* Task directions:
Output the lines from the top of the entries below to the line with "Das ehemalige Hospital von Visp.", both included, exactly and without pictures.

[Records contained in a dataset]
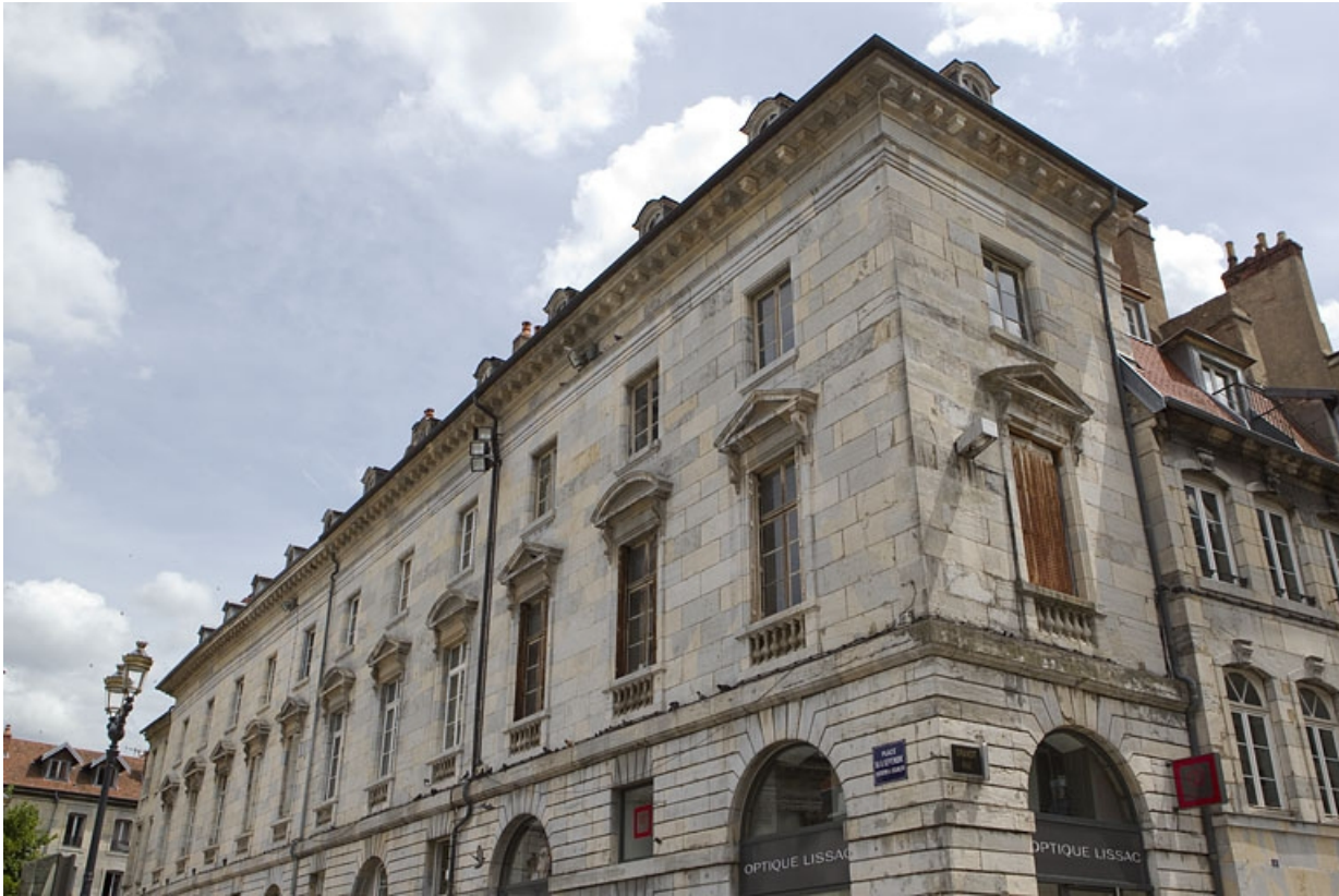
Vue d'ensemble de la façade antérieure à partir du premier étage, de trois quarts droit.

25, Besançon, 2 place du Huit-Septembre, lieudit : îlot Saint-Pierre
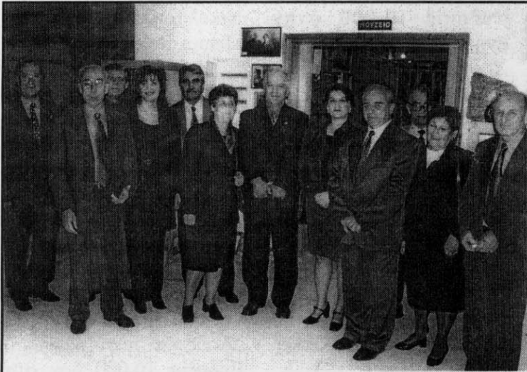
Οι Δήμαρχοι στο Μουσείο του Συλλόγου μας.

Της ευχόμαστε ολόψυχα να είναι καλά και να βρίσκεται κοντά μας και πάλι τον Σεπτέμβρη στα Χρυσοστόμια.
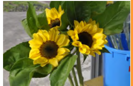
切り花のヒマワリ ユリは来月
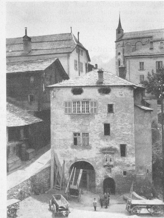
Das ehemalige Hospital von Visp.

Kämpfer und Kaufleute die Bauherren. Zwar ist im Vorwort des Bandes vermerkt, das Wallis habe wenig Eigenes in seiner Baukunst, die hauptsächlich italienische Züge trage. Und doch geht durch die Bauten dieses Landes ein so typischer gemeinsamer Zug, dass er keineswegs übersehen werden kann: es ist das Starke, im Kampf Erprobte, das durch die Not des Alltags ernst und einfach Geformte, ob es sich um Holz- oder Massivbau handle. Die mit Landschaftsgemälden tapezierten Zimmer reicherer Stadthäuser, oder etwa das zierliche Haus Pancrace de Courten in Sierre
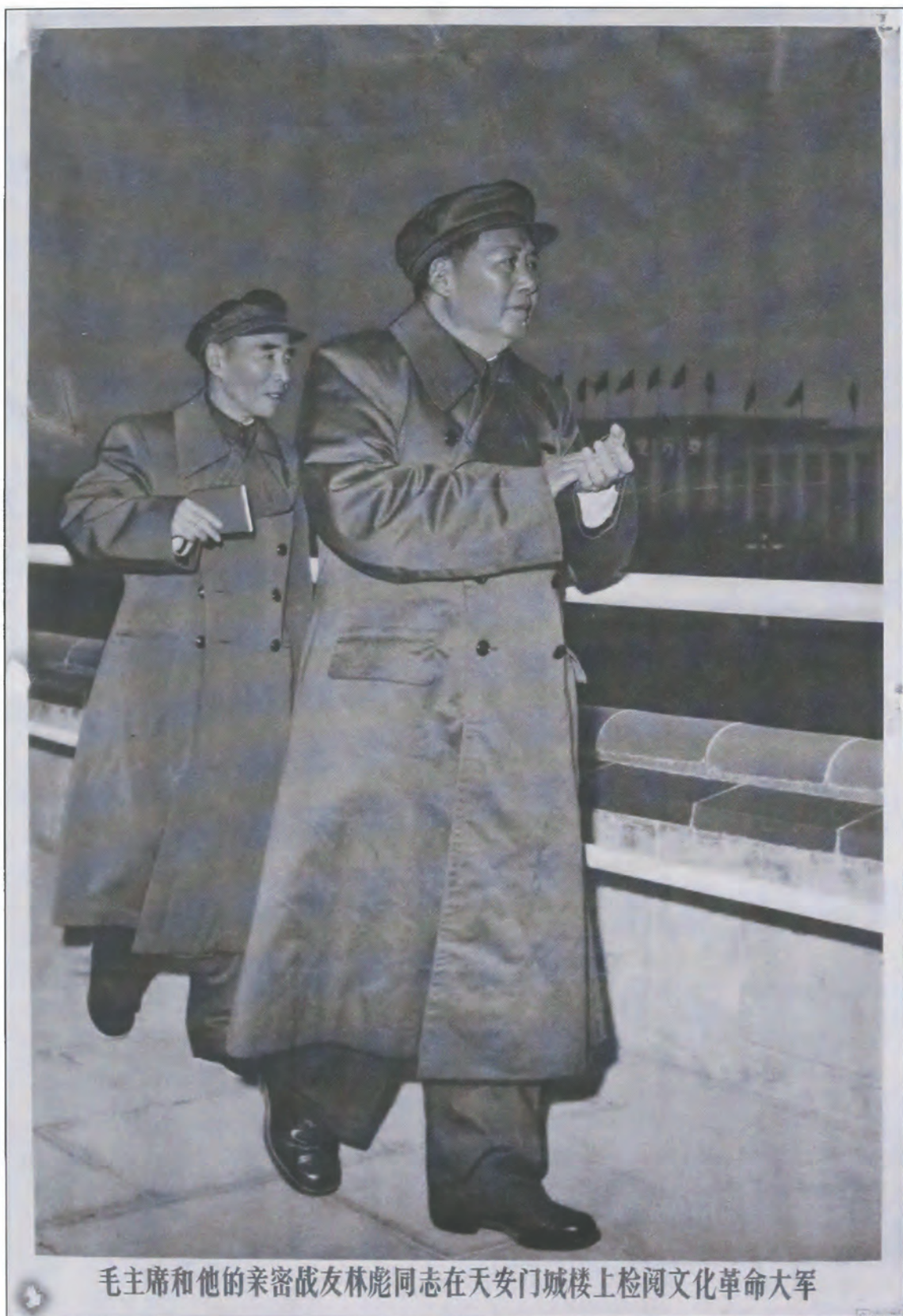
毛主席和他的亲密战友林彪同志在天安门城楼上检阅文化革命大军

* Reply to the exercise:
Vue d'ensemble de la façade antérieure à partir du premier étage, de trois quarts droit.

25, Besançon, 2 place du Huit-Septembre, lieudit : îlot Saint-Pierre
Οι Δήμαρχοι στο Μουσείο του Συλλόγου μας.

Της ευχόμαστε ολόψυχα να είναι καλά και να βρίσκεται κοντά μας και πάλι τον Σεπτέμβρη στα Χρυσοστόμια.
切り花のヒマワリ ユリは来月
Das ehemalige Hospital von Visp.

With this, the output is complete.